The Catholic schools were started in this country, in part, because at the time public (government) schools were anti-Catholic. In the 19th century and well into the 20th century, most public schools actually taught a Protestant worldview. Since the latter part of the 20th century, government schools have become increasingly secularized. They do not teach Catholic children a competing faith, but they have become so sanitized from any expression of faith that they form young people to be skeptical of any faith claims.

This is not to imply that there are not exceptional women and men of faith who are principals and teachers in public schools, but they are prohibited from sharing their faith in the classroom, the counseling office, the athletic field or the theater.

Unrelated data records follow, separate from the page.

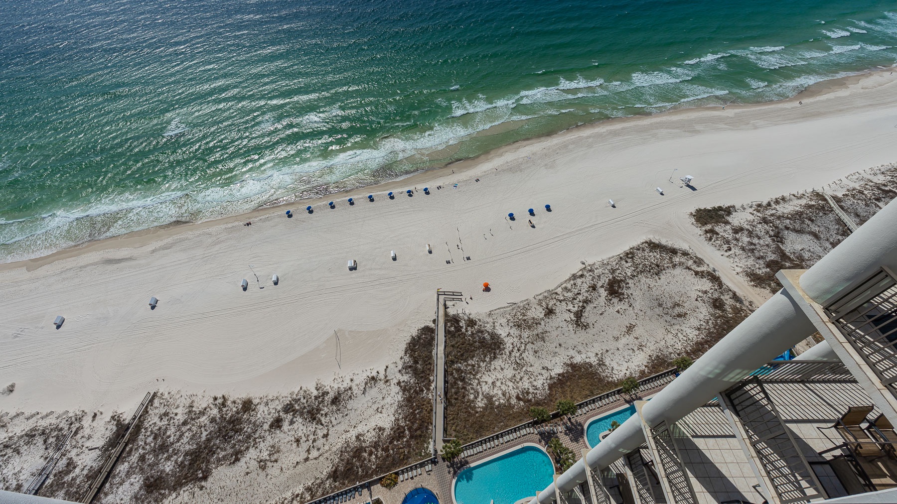 Most units at The Oasis offer private balconies with beautiful Gulf views. However, please note that some units face north and do not overlook the Gulf. We recommend reviewing the unit details carefully or contacting our team for assistance in selecting a unit that fits your preferred view.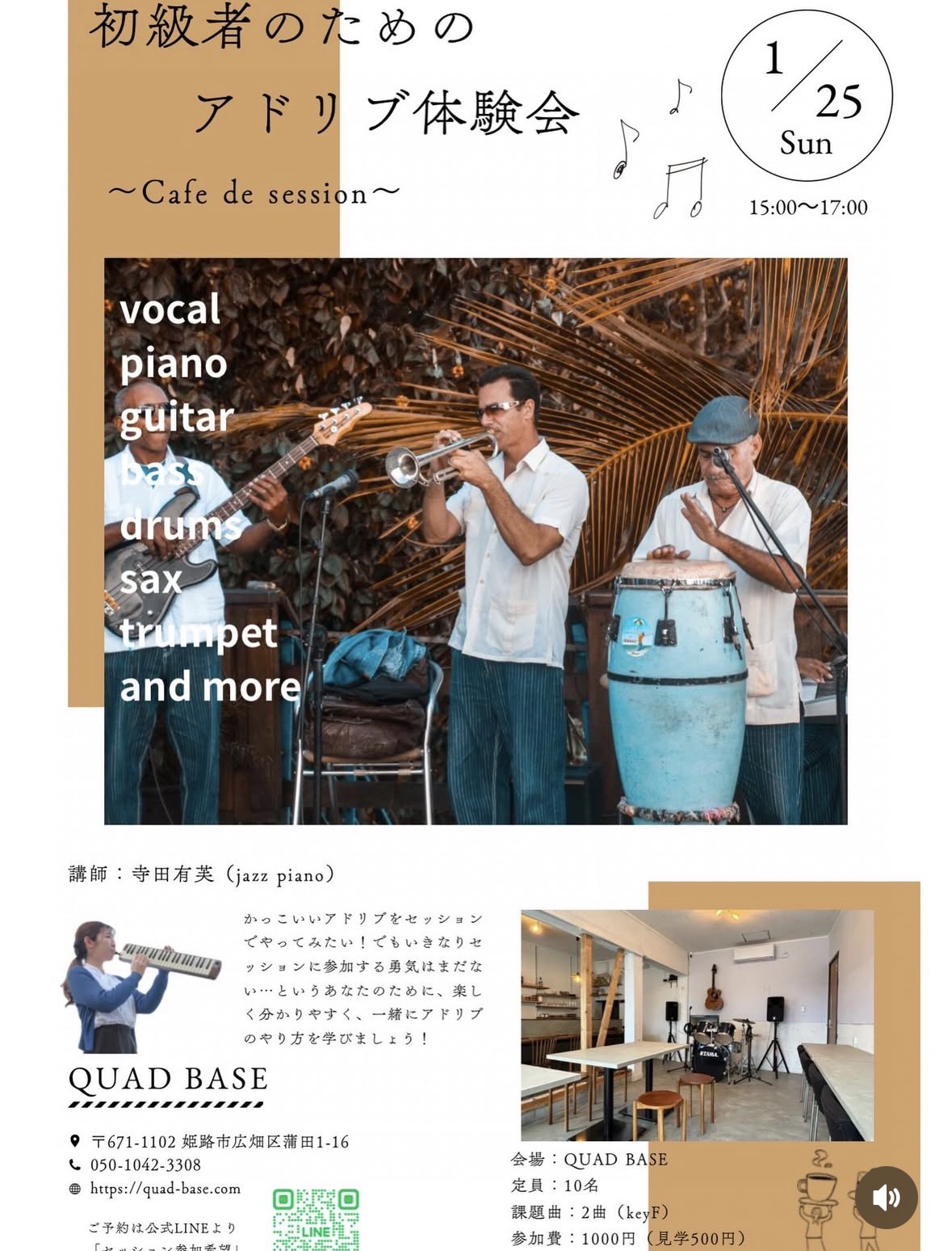 11/23(日)15:00〜17:00アドリブ体験会開催します!毎月大好評のCafeでLIVE!実は終演後共演者同士の打ち上げがいつもめちゃくちゃ盛り上がりますバンドの枠を超えてやってみたい曲を自由に...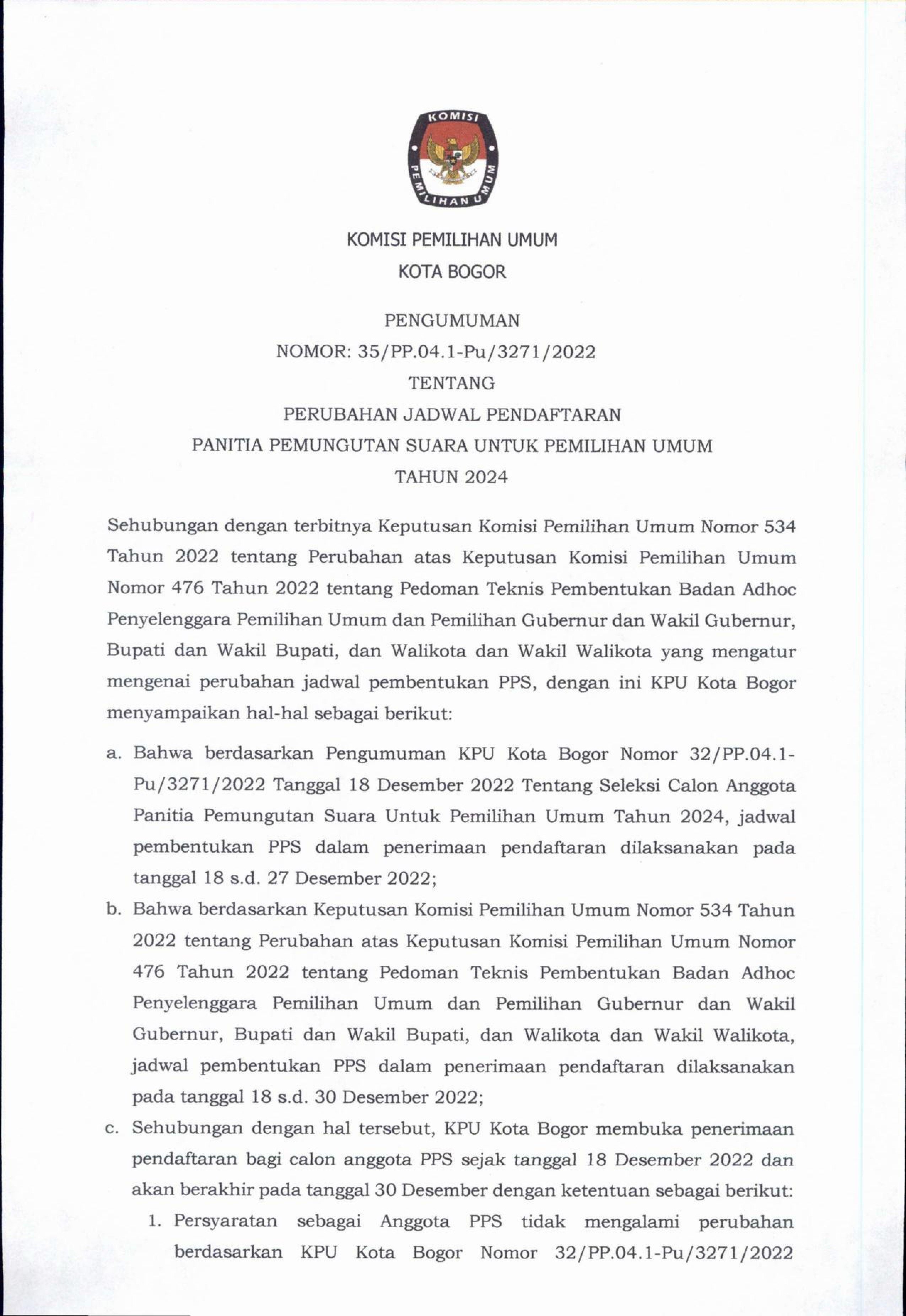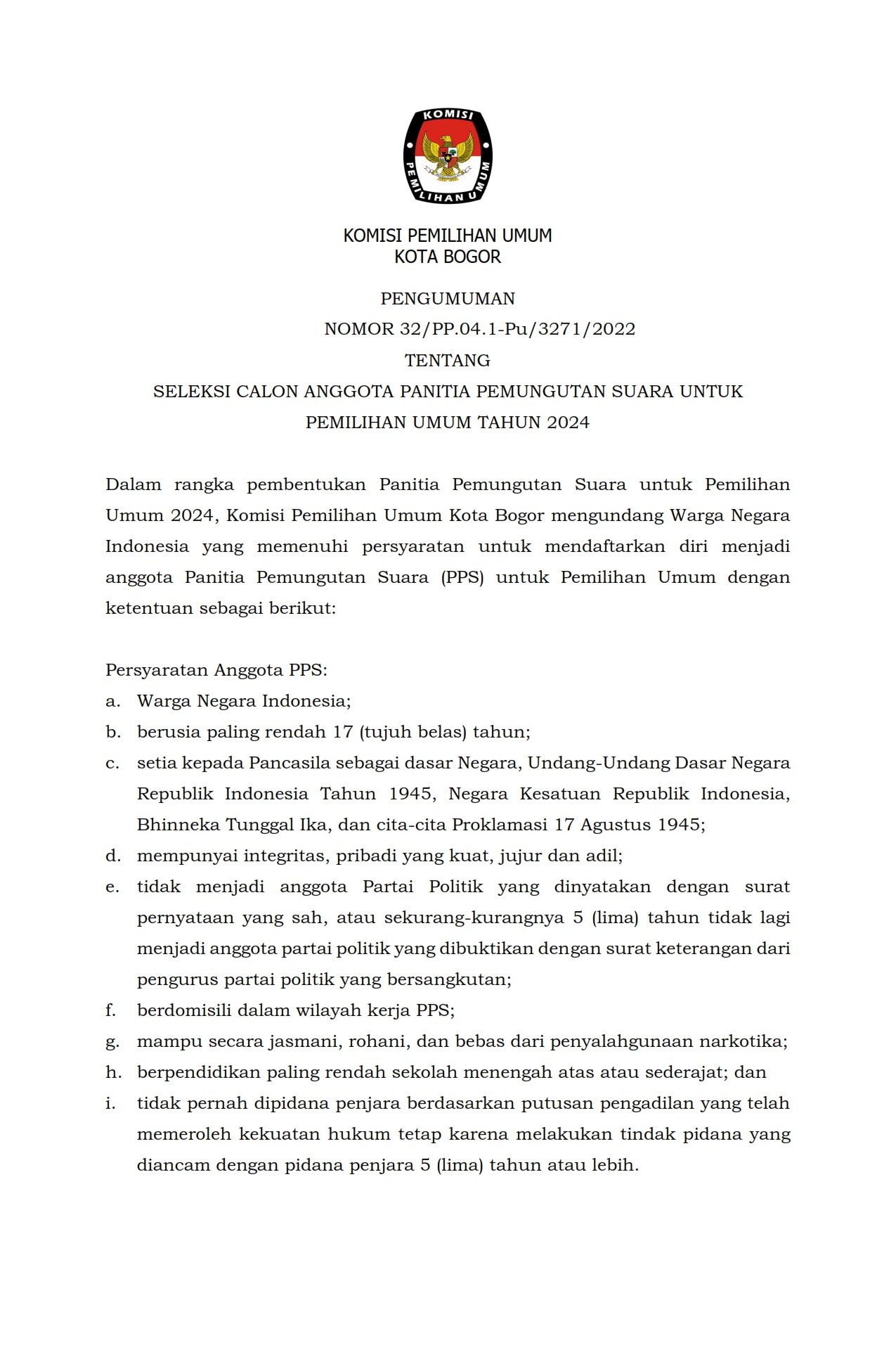 PENGUMUMAN NOMOR: 40/PP.04.1-Pu/3271/2022 TENTANG PERPANJANGAN PENDAFTARAN SELEKSI CALON ANGGOTA PANITIA PEMILIHAN SUARA (PPS) UNTUK PEMILU SERENTAK TAHUN 2024. Sabtu, 31 Desember 2022 07:00 892 Pengumuman dapat di unduh disini Baca Selengkapnya
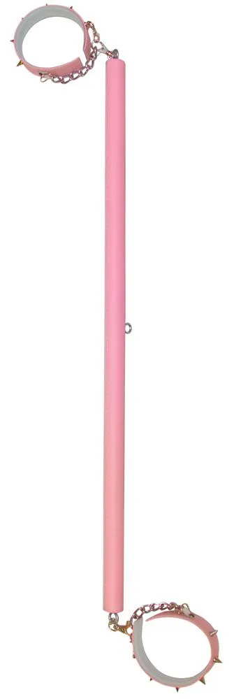 Наножники с распоркой позволят Вам прочно зафиксировать своего партнера в нужной позиции. Используя этот аксессуар, Вы сможете без труда обездвижить своего партнера, сломить его сопротивление и сполна насладиться его покорностью. Наножники выполнены из кожи нежного розового цвета и имеют внутри мягкую подкладку для более комфортного ношения. Их можно подогнать под нужный размер при помощи цепочки. На распорке есть специальное колечко, к которому можно пристегнуть дополнительные аксессуары.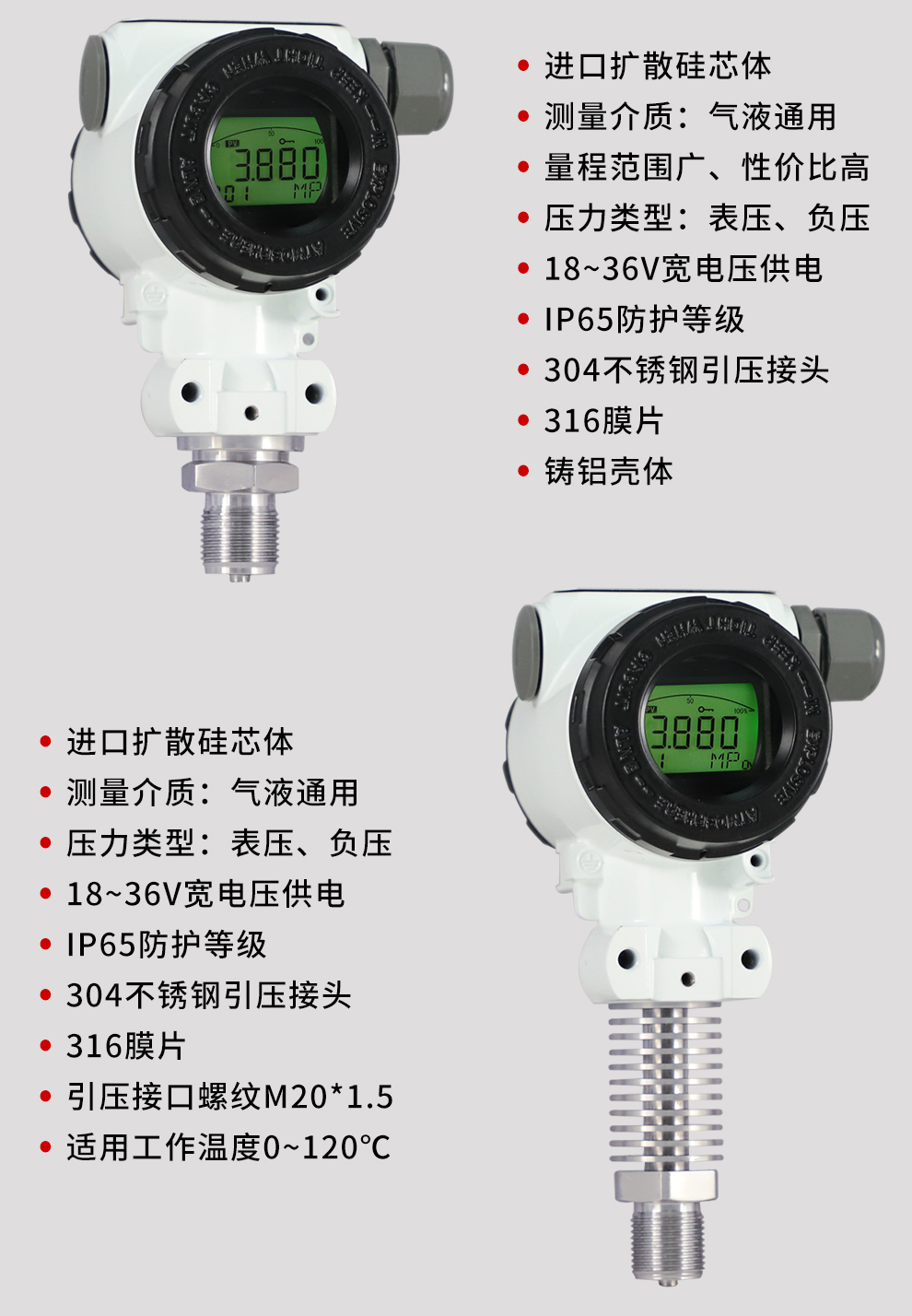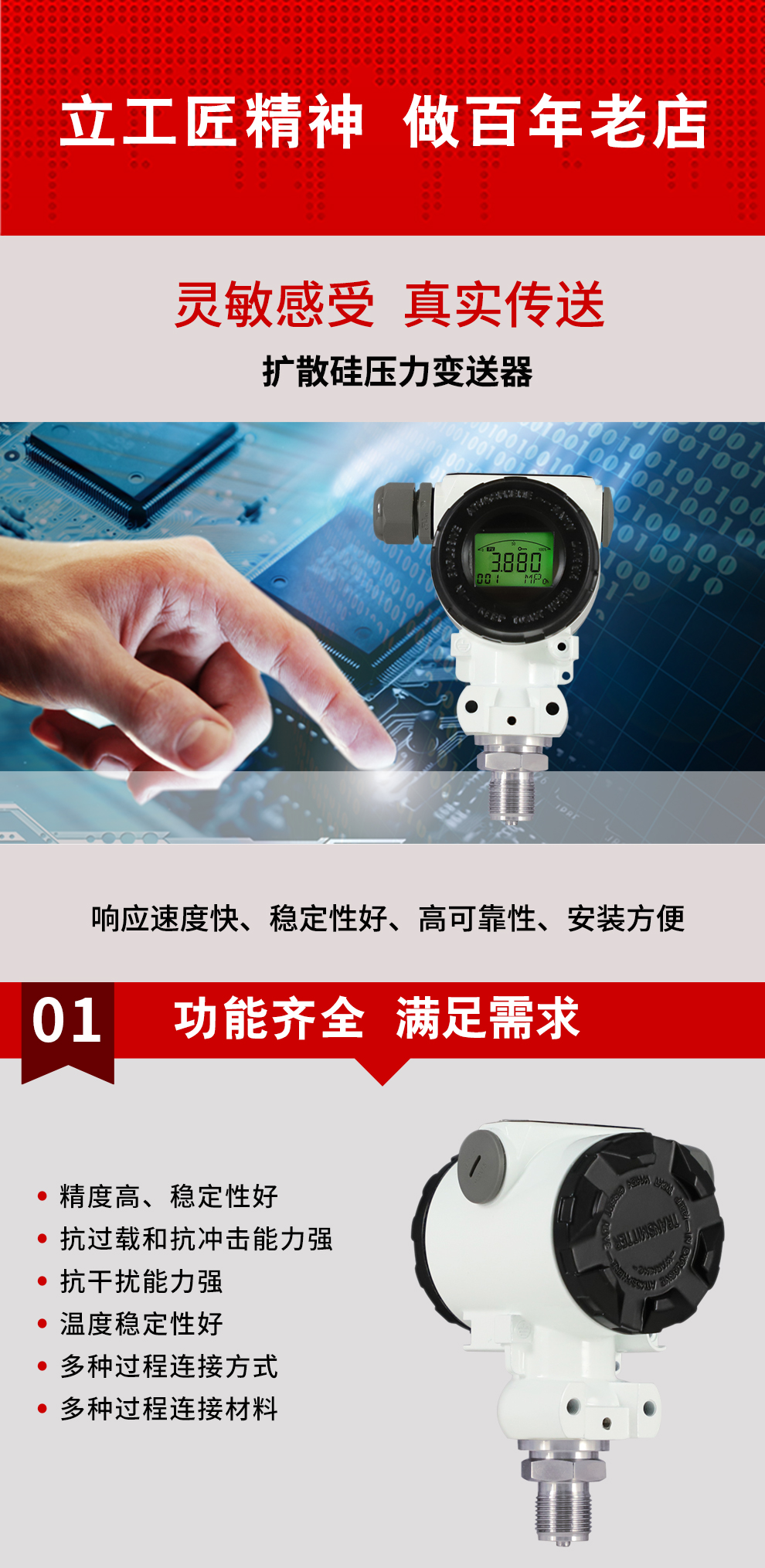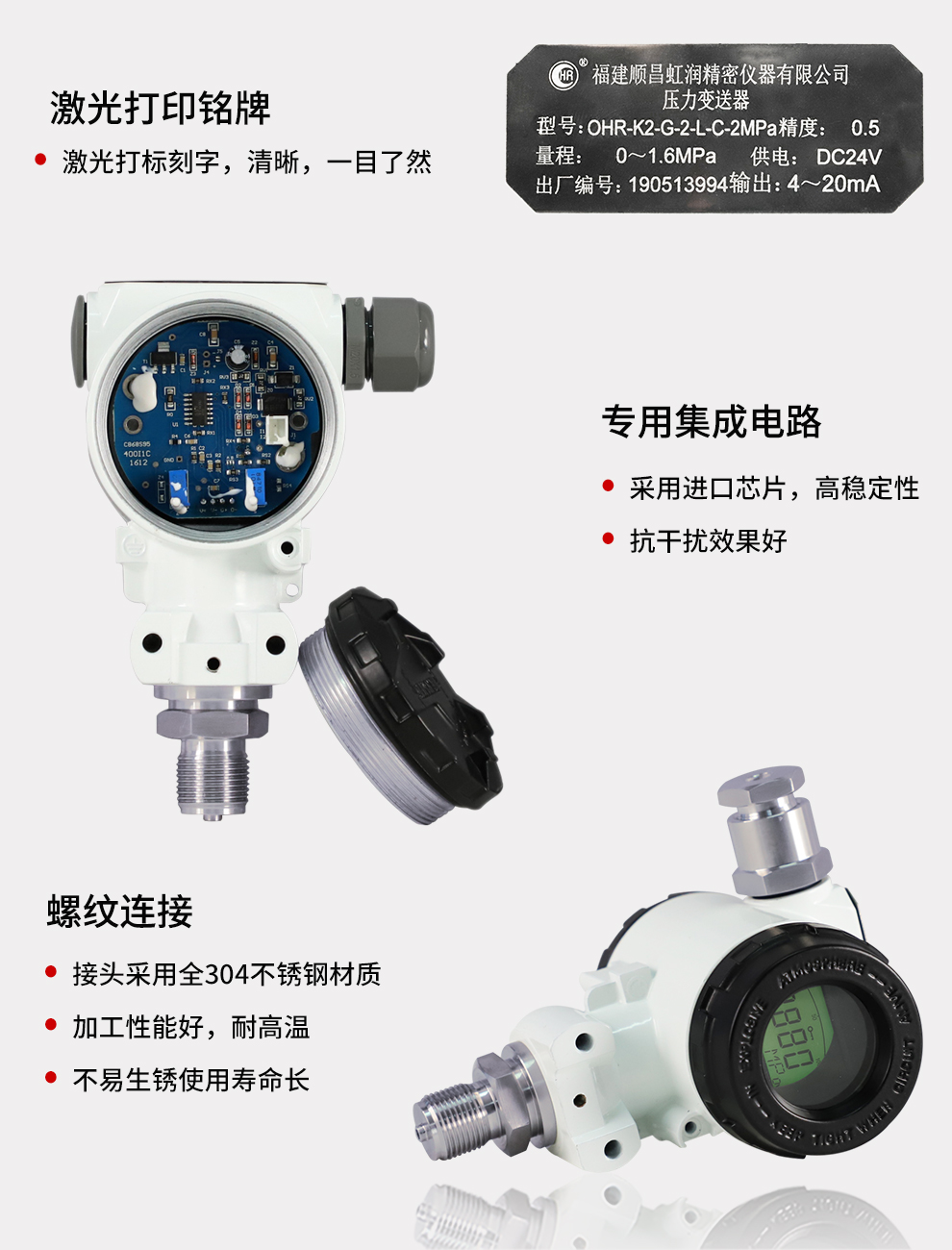 虹潤公司是專業(yè)生產(chǎn)壓力變送器的國家專精特新“小巨人”企業(yè),生產(chǎn)的擴散硅壓力變送器,具有精度高,穩(wěn)定性好,響應(yīng)速度快,高可靠性,抗過載和抗沖擊能力強,安裝方便等特點。產(chǎn)品獲得一種數(shù)字顯示低功耗壓力表、一種信號發(fā)生器裝置等2項國家發(fā)明專利,主持起草工業(yè)過程控制系統(tǒng)用模擬輸入兩位或多位輸出儀表、工業(yè)過程測量和控制系統(tǒng)用壓力/差壓變送器等2項國家標準,通信系統(tǒng)多通道數(shù)據(jù)采集控制終端規(guī)范軍用標準,以及現(xiàn)場設(shè)備集成等5項智能制造國家標準。參與國際5G標準制定,取得數(shù)顯壓力表等2項相關(guān)軟件著作權(quán)。產(chǎn)品廣泛應(yīng)用于化工、食品、制藥、電力、設(shè)備配套、供暖、水處理、樓宇等行業(yè),需精準測量流體壓力的現(xiàn)場。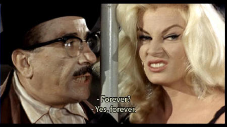 Stay with me, I beg you. [Anita] Forever? [Antonio] Yes, forever. [Anita] Oooh, what a boring idea. Maybe, I could manage for a week. |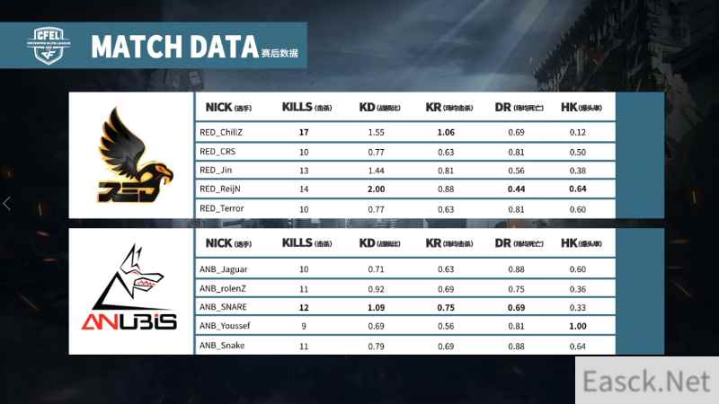 本场阵容: RED战队(REDEYES Hawks):Chillz、CRS、Jin、ReijiN、Terror ANB战队(Anubis Gaming):Jaguar、rolenZ、SNARE、Youssef、Snake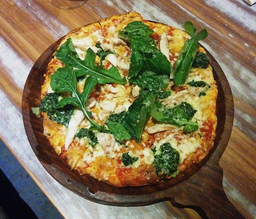 Pizza Terttulia-aah! – Some creamy spinach, tossed rucola scarmoza ‘n parmigiano drizzled with olive oil and some chicken (optional) is all you need to create this beautiful, light pizza that we loved as soon as we took the first bite. A slim, crisp base makes for a treat for those who like their pizza super thin!

Understandably, we do not want government-run schools teaching a particular brand of Christianity, Judaism, Islam, Buddhism, etc. Yet, in an effort to teach no particular faith, they actually evangelize young people to the fastest growing denomination in America — no religious affiliation. Government schools foster an agnosticism that basically holds if there is a God, it does not matter and is irrelevant to our lives.

Our parishes work hard to provide high quality school of religion programs. However, it is simply not possible to teach adequately the faith in one hour a week, no matter how great the program and how talented the catechist.

Parents are the primary teachers of the faith to their children, regardless if a child is in a Catholic school or not. Our Catholic schools can provide incredible support to parents in passing the faith on to their children. Parents who choose not to send
their children to a Catholic school must be committed essentially to home school their children in the faith.

Catholic schools require significant sacrifice on the part of the entire Catholic community — pastors, principals, teachers, parents, and parishioners. I believe our children are well worth the sacrifice.

About the author

Archbishop Joseph Naumann

Joseph F. Naumann is the archbishop for the Archdiocese of Kansas City in Kansas.